**Drainage Patterns of Subvertical Wells intersecting Naturally Fractured Carbonate Reservoir Layers**

**Shaho Bazr-Afkan¹, Stephan Matthai¹, and Caroline Milliotte²**

*¹Institute of Reservoir Engineering, Department of Mineral Resources and Petroleum Engineering, Montan University of Leoben, Leoben, Austria
²Fractured Reservoir Dynamics (FRD), Rosegger Str. 11, Leoben, Austria
*

In the Middle East and elsewhere, the identification of optimal well patterns for naturally fractured carbonate reservoirs (NFRs), still heavily relies on classic reservoir engineering concepts like
*drainage radius* and *area* (e.g., Muskat & Meres, 1936). This is astonishing because these concepts represent strong conceptual idealisations even when applied to much less heterogeneous reservoirs where fluids flow pervasively in layered porous rocks. These concepts were simplistic by necessity: they had to be amenable to mathematical analysis prior to the advent of digital computing.
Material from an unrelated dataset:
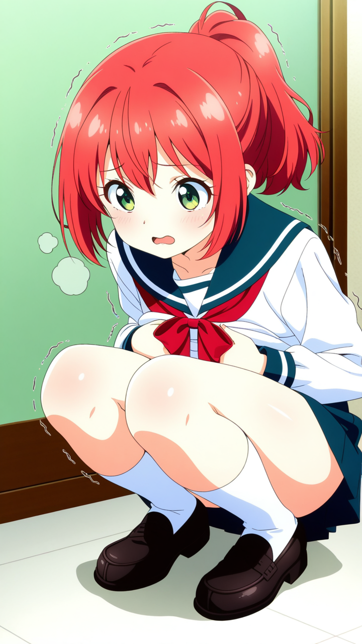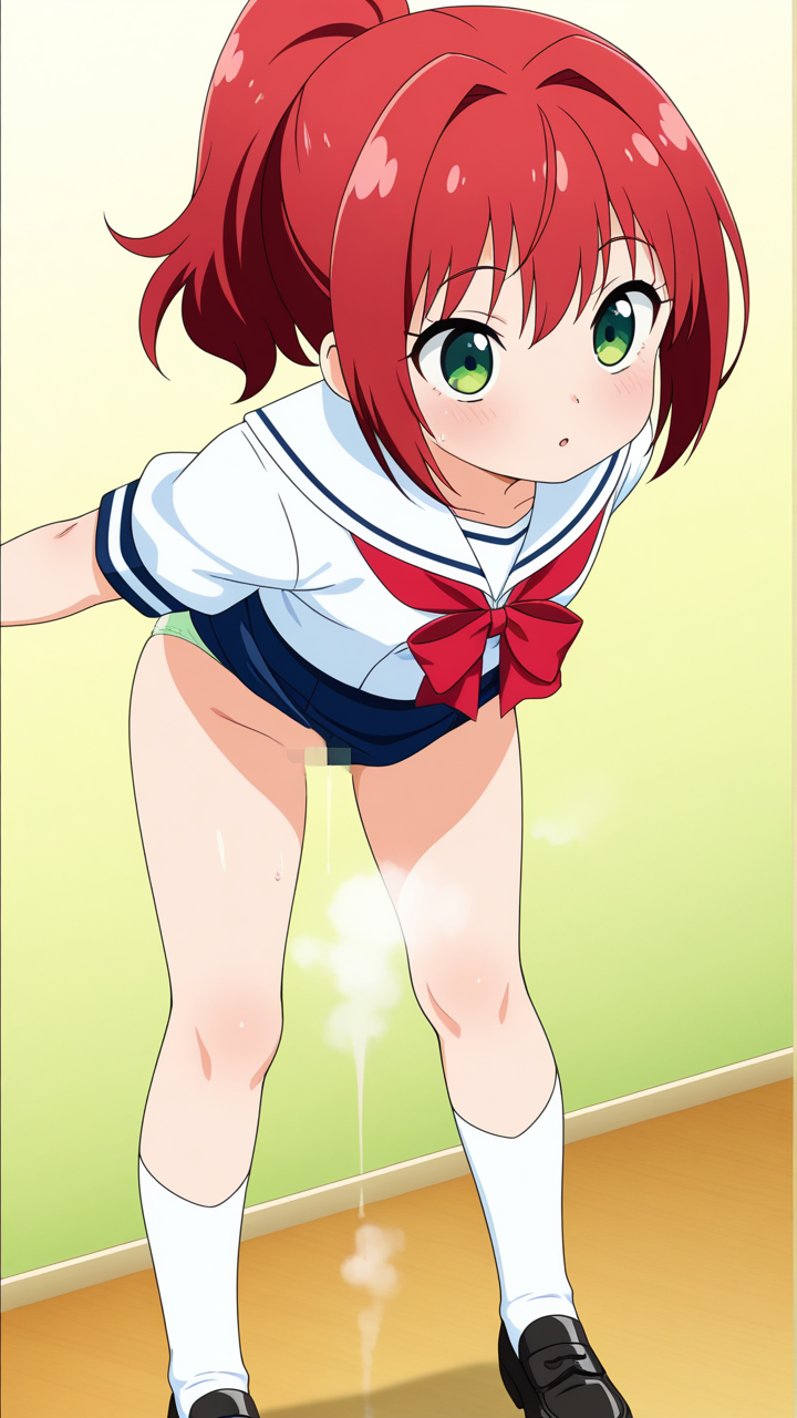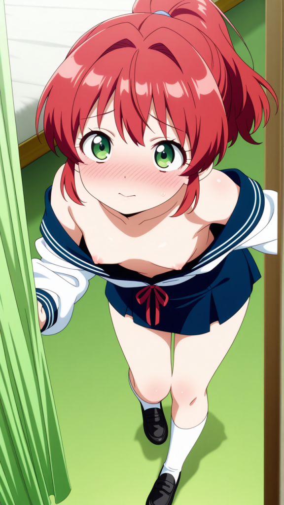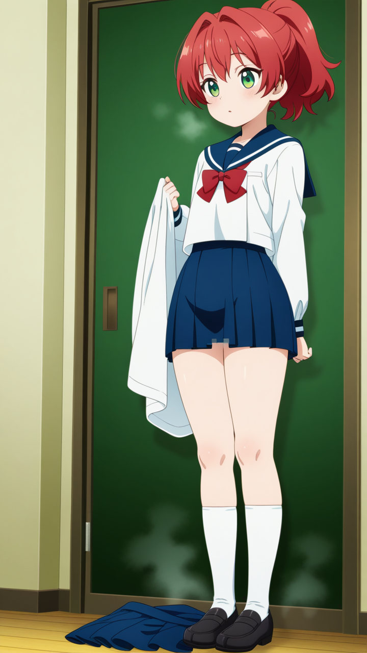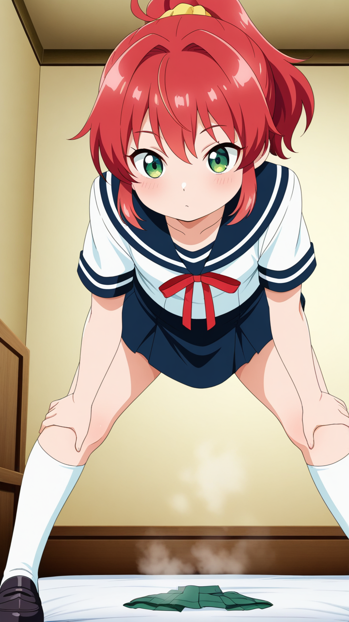 美少女,おっぱい,おしり,M字開脚,食い込み,乳首,パンツ,くぱぁ,,赤髪のポニーテール,翠色の瞳、垂れ目気味のハーフ目,小柄でむっちりした体型,セーラー服、赤いリボン、白いニーソックス、黒いローファー,甘えんぼで依存的、可愛らしい仕草が多い

Today, water breakthrough-, pressure diffusion- and tracer test data (e.g., Schechter et al., 2003) as well as flow patterns observed in computationally demanding discrete fracture and rock matrix simulations (e.g., Belayneh et al., 2006), show that drawdown in NFRs is anything but radial. Also, PLT- and temperature logs, and isotopic tracer data indicate that flow is highly localised and often remotely sourced (e.g., Aguilera, 1995). Ultimate recovery factors also are extremely low (Allan & Sun, 2003). These observations raise the question whether such conceptual models can be applied to NFRs and which techniques could substitute for them in field development planning.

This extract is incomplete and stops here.